BuyDown Rate

What does the term buydown rate mean?

DeWayne Gibson avatar
Written by DeWayne Gibson
Updated over a week ago

When making a large purchase, many consumers need financial assistance.  Companies like Wells Fargo, GE Capitol, American Express, Green Sky and local banks will provide this assistance.  When given an opportunity to finance, many times the customer will pay much more to get a better system. 

Unfortunately, the usual revolving rate for these types of loans can be up to 29.99%.  And in the case that the customer would take your financing assistance, they would most likely say "NO" to a 29.99% loan.  

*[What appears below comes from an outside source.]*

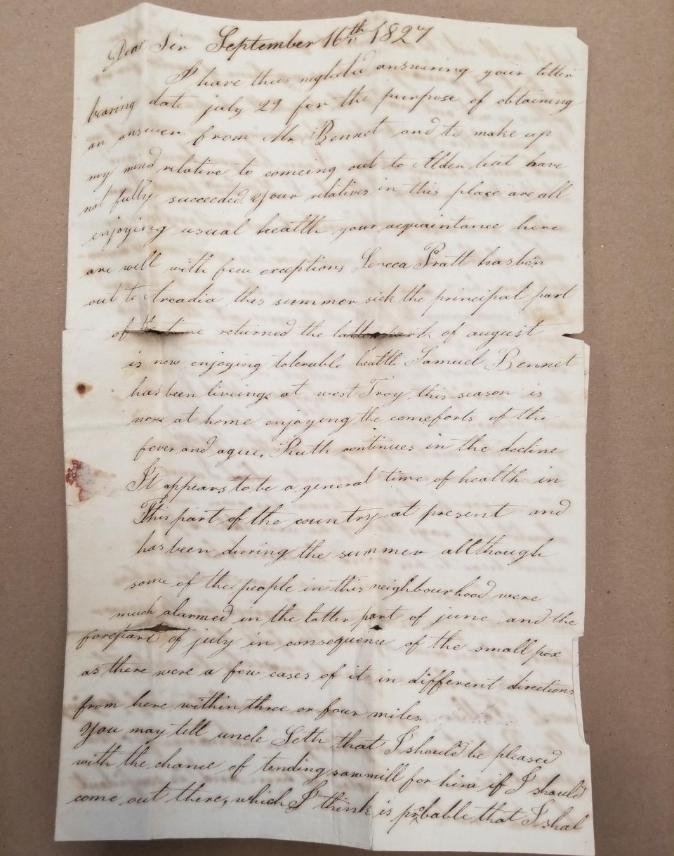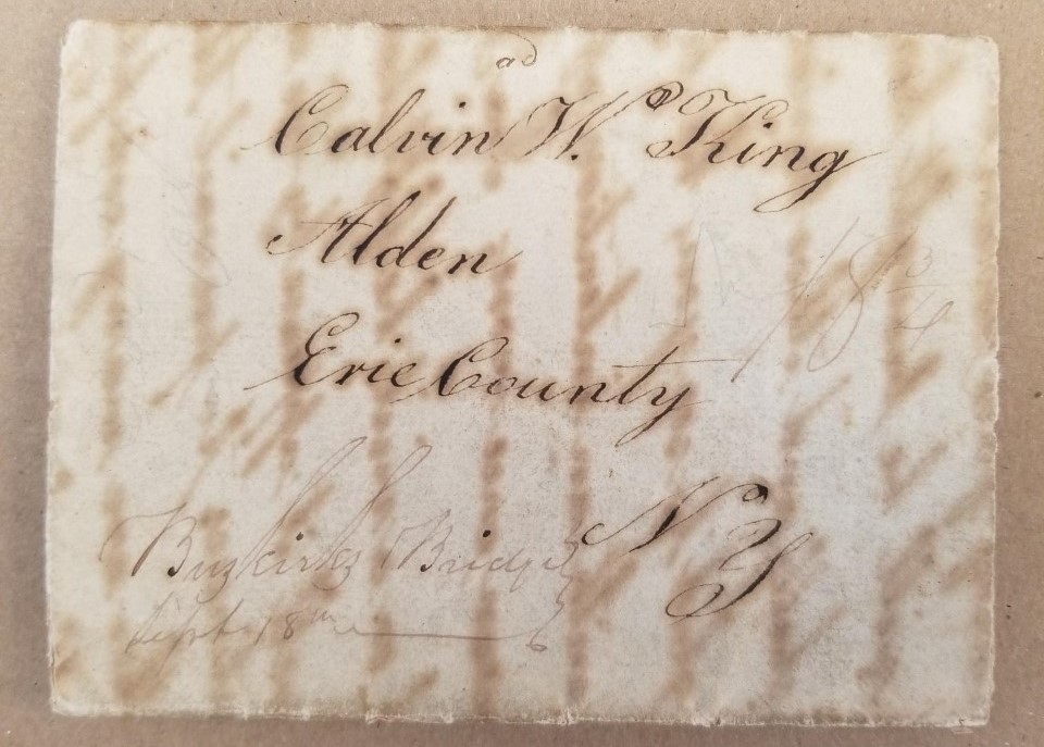 Folded-Up Old Letter — Dated September 16, 1827 — Calvin W. King, Alden, Erie County, New York

This is where the buydown rate comes in.  Most financial institutions like the ones mentioned above will allow the contractor to "buy down" the rate from 29.99%, to some lower rate that a consumer would accept.  Such as 3.9% for 60 months, or 9.9% for 72 months.  

Everyone gets to win here.  Ultimately the consumer is just pre-paying a finance charge to get a better Annual Percentage Rate.  This rate usually comes with a cost.  It can be anywhere from 3% up to as much as 20% of the cost of the transaction.  

So in our program, under the company defaults area, you can enter the typical rate you want to add to your system price.  We use a margin on this and not a mark-up.  

Example.  A $10,000 system that has a 10% buydown rate will cost you $1,111.  So the ultimate selling price to the consumer is $11,111.  When you get your check, it will be for $10,000.  That is $11,111 less 10% or $1,111.  

In the picture above you can see in the four quality levels there is a possibility of setting a varying level of cost to the level.  You can base this on what you want to offer, other costs such as manufacturers shared rebate costs, and even in the case of some States, applying State tax to the entire job.